と、ジェラルドがキラリと瞳を煌めかせ、カレンの口を塞ぐ。
「あり得ないことは口にしない」
「……ん」
なんだかはぐらかされた感は否めないが、深緑の瞳が揺らめきはじめる様を、カレンはうっとりと見つめる。
「好きよ、ジェラルド」
カレンの言葉を呑み込むようにジェラルドは泰然と微笑むと、長い夜にカレンを引きずり込んだ。
・
「アンジェリーナ、いい子にしていてね。ティムや皆の言うことをよく聞いてね」
両親が北部への視察に出発する朝、カレンはアンジェリーナに別れを告げた。
アンジェリーナは、長くカレンと離れるのはこれが初めてだ。
その意味を正確に理解しているかは怪しいが、泣いたり駄々をこねたりはなく、幾分ムッスリとはしているが、母の言葉に頷く。

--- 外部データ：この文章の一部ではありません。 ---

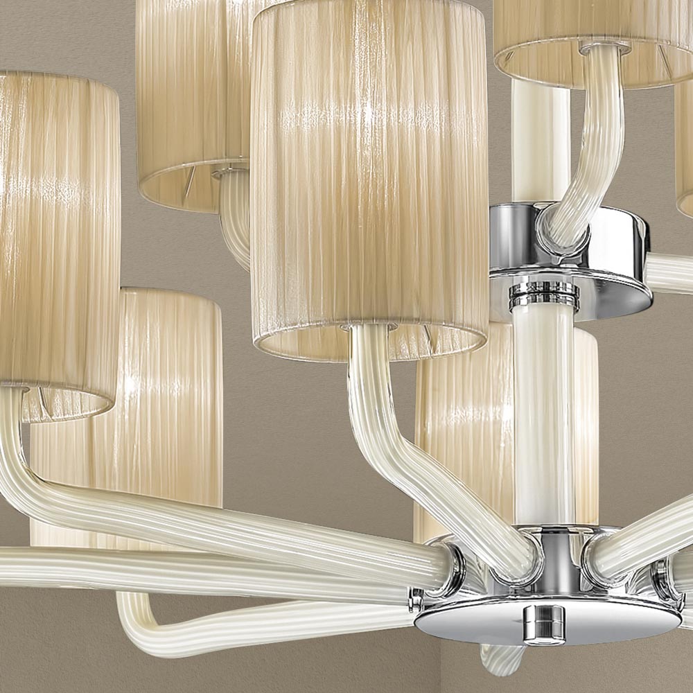 Lustre de 12 luzes feito à mão em vidro veneziano com abajures de tecido.

カレンはアンジェリーナの額にキスをすると、ギュッと抱き締めた。
まだ夜の開けきらぬダヴィネス城の正門前に、北部への一行が集まっている。
「アンジェリーナのこと、よろしく頼みます」
カレンは居並ぶ使用人達へ挨拶をする。
「奥様、行ってらっしゃいませ。くれぐれも無茶はなさいませんよう」
ニコルが心配そうだ。
カレンはニコルと長く離れて行動したことがない。
多少の不安はあるが、これも良い機会だと割り切った。
颯爽とした騎士姿で、カレンはオーランドにひらりと騎乗した。
ジェラルドが眩しそうにカレンを見る。
「出立!!」
アイザックの掛け声とともに、一行は北部への街道へ馬頭を向けた。